Strictly plumbing for me, plumbing wears me out at the end of the day, don't have time for other work.


----------



## service guy (Jun 26, 2008)

To answer this thread. Plumbing takes ALL my time. I make my living exclusively from service plumbing. I believe in capitalist specialization. That way I'll always be in demand and not a 'jack of all trades, master of none' that many 'handymen' are.:whistling2:


----------



## Double-A (Aug 17, 2008)

I'm trying to take over the world. Seems to be working better now, so I don't plumb much anymore.

It is tough however, when no one really knows that I'm in charge.
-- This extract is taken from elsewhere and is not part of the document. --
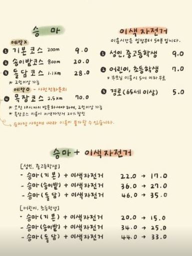 승마체험은 기본 코스(200m) 9,000원, 송이밭 코스(800m) 20,000원, 돌담 코스(1.1km) 28,000원이며 사전예약은 불가능하니 방문하셔서 선택하시고 체험하셔야 합니다. 별도로 목장 코스(2.5km)는 70,000원으로 2인 이상 가능하고 사전에 전화로 문의하셔서 예약을 하셔야 하는데, 목장 코스는 오전 10시까지 방문 시 이용이 가능하고, 이색자전거 이용 20% 할인 혜택도 있다고 하니 참고하시기 바랍니다.

But I was the one that decided red lights should be red and not purple. So I've made some progress.


----------



## Bill (Jun 17, 2008)

Double-A said:


> But I was the one that decided red lights should be red and not purple. So I've made some progress.


You referring to tail lights? 
If so, I hate them too. Red is red


----------



## Double-A (Aug 17, 2008)

Just red lights in general. You can do that when you take over the world. Now if I can just get the French to fall in line....


----------



## user4 (Jun 12, 2008)

Double-A said:


> Just red lights in general. You can do that when you take over the world. Now if I can just get the French to fall in line....


Enjoy your poutine.


----------



## jeffc (Jul 8, 2008)

plumbing and backflow testing full time. working around the house part-time


----------



## 422 plumber (Jul 31, 2008)

I want to have my wife make some poutine for me. As if I need more fries, cheese curds and gravy in my life.


----------



## uaplumber (Jun 16, 2008)

I have decided to re-intoduce myself to plumbing service work. I used to enjoy figuring out what others could not but got away from it. However, as time goes by, I am getting back it it more and more and starting to see what I have missed. I feel like Gregory House again. Finding out what others cannot is a great feeling.


----------



## Herk (Jun 12, 2008)

Plumbing is my support. But I also repair computers and get a few extra bucks doing that when plumbing is slow. I do the computers because I enjoy it and like the challenge. I bring a lot of dead ones to life., sometimes by accident.


----------